Excerpted records START

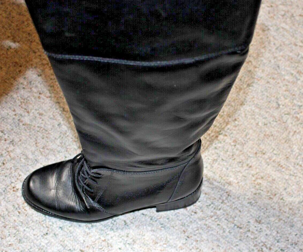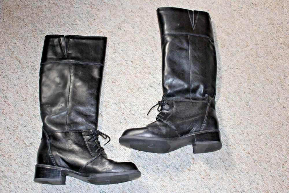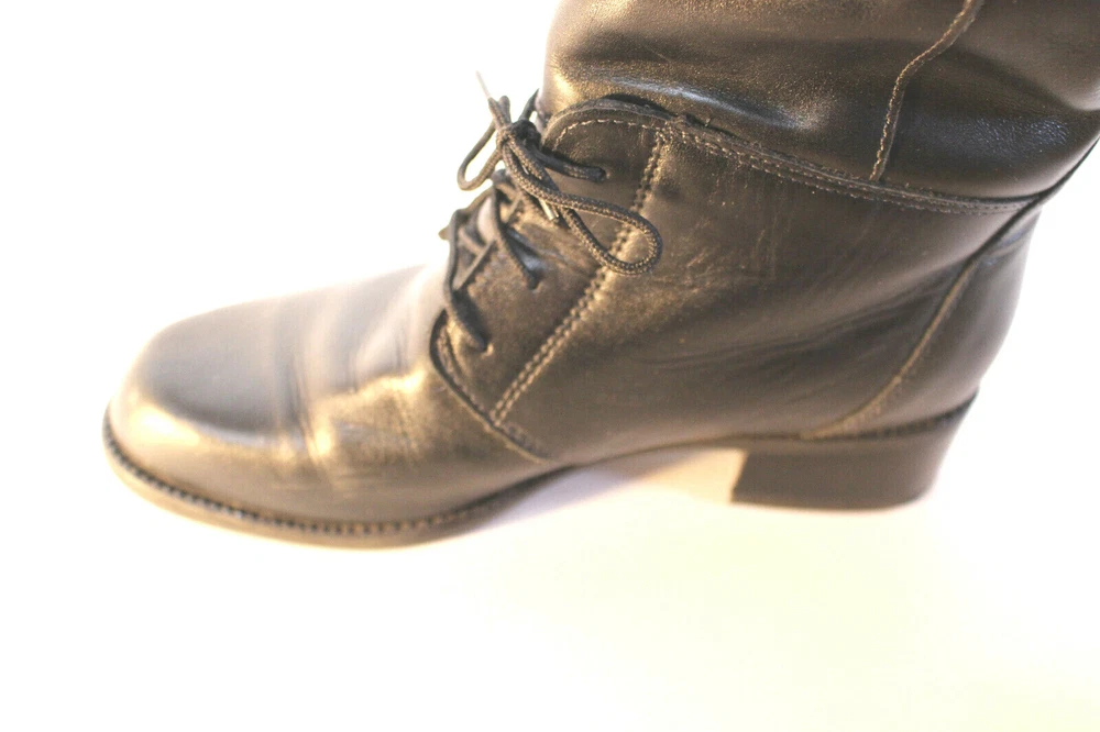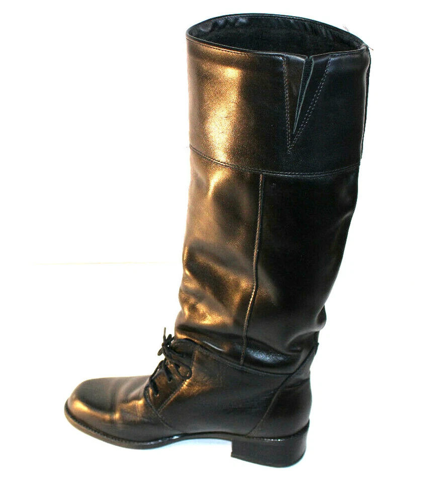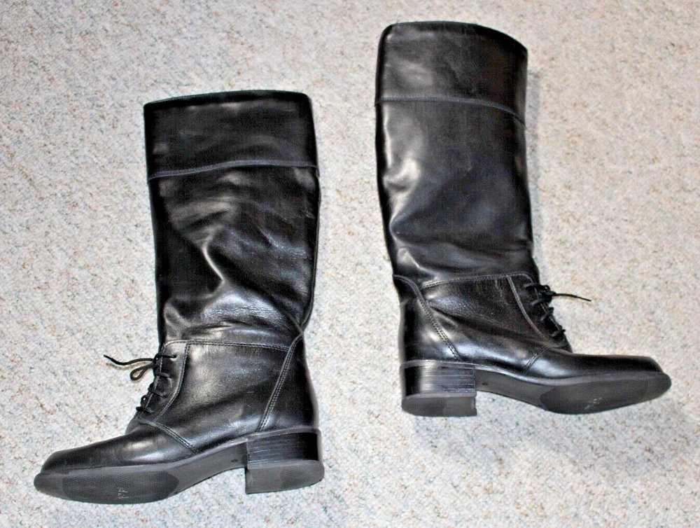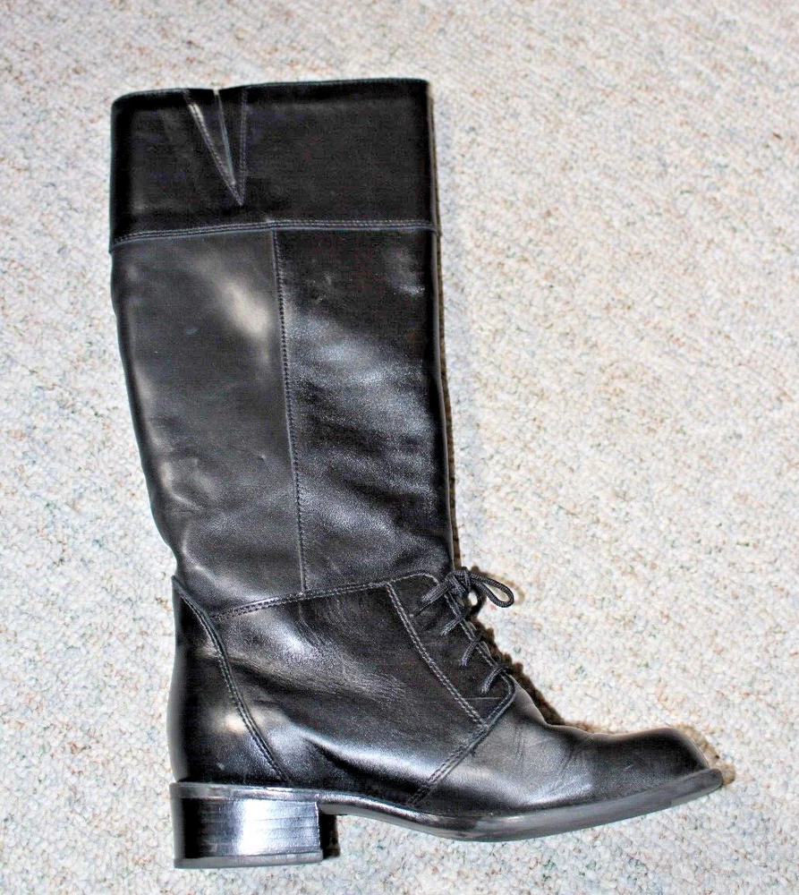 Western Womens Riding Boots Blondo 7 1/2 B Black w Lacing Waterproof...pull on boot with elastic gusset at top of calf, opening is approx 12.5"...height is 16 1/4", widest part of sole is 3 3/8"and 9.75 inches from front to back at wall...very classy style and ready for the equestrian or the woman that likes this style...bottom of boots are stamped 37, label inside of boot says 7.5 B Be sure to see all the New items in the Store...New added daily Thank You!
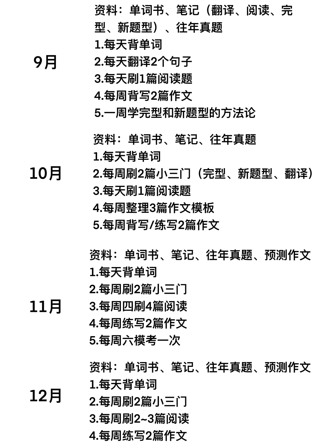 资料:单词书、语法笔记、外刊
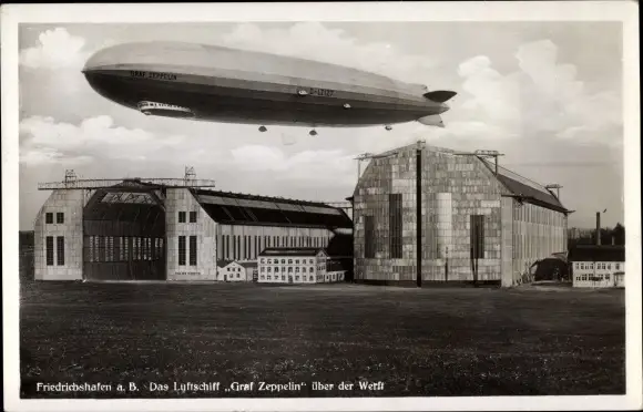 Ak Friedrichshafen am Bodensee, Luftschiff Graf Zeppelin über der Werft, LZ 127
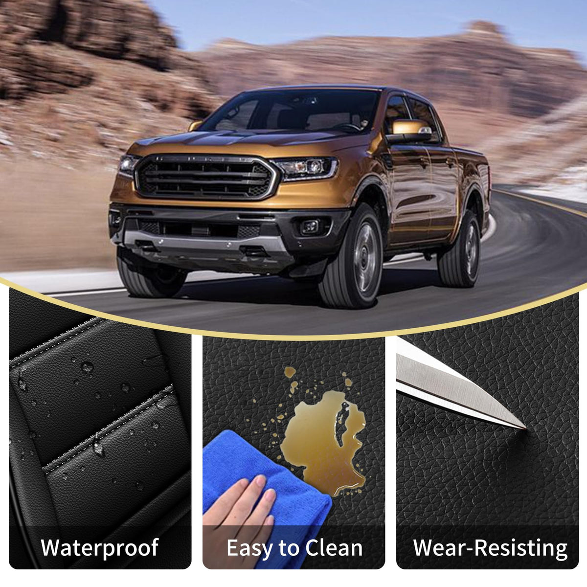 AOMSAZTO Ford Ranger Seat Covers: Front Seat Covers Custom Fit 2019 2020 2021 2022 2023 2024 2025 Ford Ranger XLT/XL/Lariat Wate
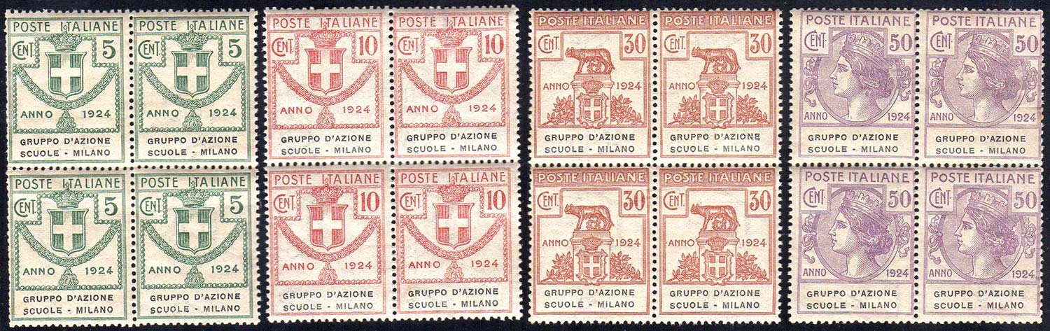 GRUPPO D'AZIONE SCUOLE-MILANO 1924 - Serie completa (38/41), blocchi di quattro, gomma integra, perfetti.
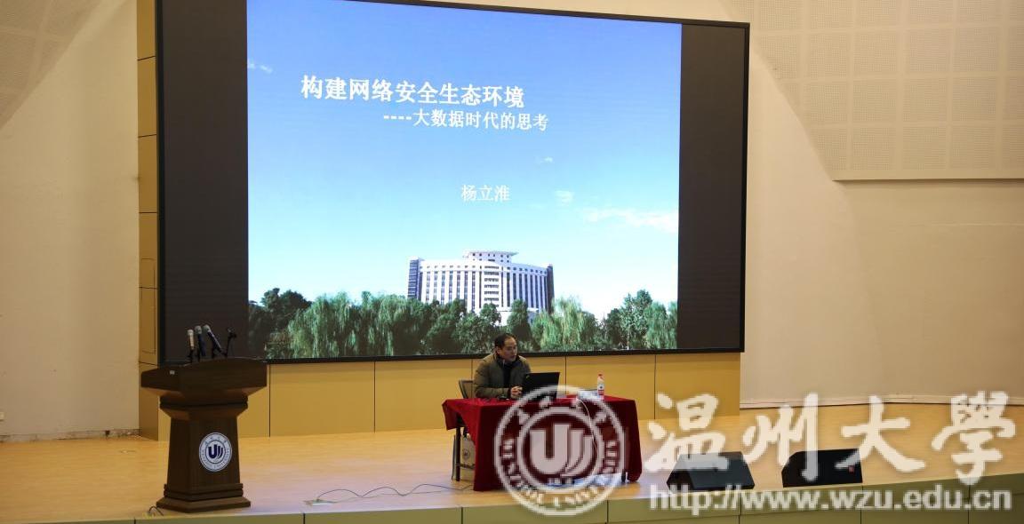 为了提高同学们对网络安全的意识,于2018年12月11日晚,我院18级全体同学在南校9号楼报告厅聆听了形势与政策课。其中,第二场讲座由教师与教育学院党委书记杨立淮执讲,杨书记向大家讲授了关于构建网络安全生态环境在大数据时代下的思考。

Excerpted records END
Excerpted records START

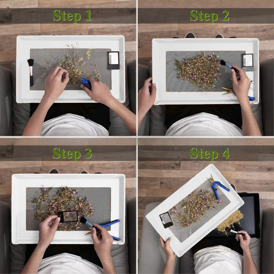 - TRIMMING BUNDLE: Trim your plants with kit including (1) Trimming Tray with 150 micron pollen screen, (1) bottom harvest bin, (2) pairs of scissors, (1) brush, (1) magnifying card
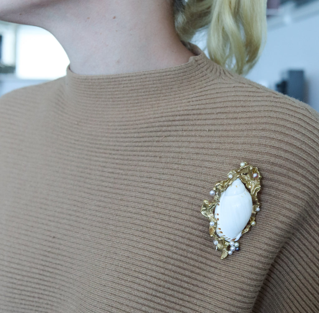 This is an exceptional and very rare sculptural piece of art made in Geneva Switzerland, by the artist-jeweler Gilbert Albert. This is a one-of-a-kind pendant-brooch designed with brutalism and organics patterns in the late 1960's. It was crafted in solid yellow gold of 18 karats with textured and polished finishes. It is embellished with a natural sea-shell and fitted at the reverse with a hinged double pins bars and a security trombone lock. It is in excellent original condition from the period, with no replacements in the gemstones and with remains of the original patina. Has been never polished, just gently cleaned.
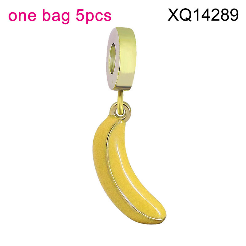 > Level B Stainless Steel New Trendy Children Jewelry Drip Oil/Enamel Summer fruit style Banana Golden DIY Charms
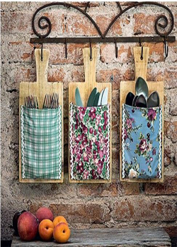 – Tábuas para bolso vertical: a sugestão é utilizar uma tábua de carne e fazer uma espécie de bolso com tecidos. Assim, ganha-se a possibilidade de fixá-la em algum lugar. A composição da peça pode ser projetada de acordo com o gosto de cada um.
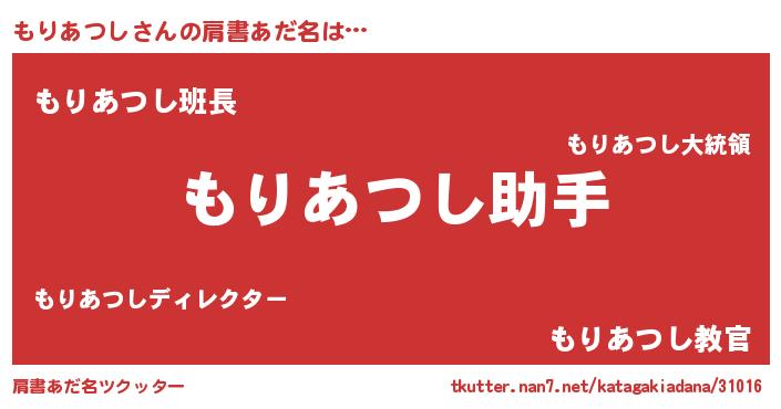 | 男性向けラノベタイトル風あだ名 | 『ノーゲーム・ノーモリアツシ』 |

Excerpted records END

● Exercise brief
In the data above, retype only the stretch from the line with "GRUPPO D'AZIONE SCUOLE-MILANO" through the line with "为了提高同学们对网络安全的意", word for word, and skip any pictures.

● Written answer
 GRUPPO D'AZIONE SCUOLE-MILANO 1924 - Serie completa (38/41), blocchi di quattro, gomma integra, perfetti.
 为了提高同学们对网络安全的意识,于2018年12月11日晚,我院18级全体同学在南校9号楼报告厅聆听了形势与政策课。其中,第二场讲座由教师与教育学院党委书记杨立淮执讲,杨书记向大家讲授了关于构建网络安全生态环境在大数据时代下的思考。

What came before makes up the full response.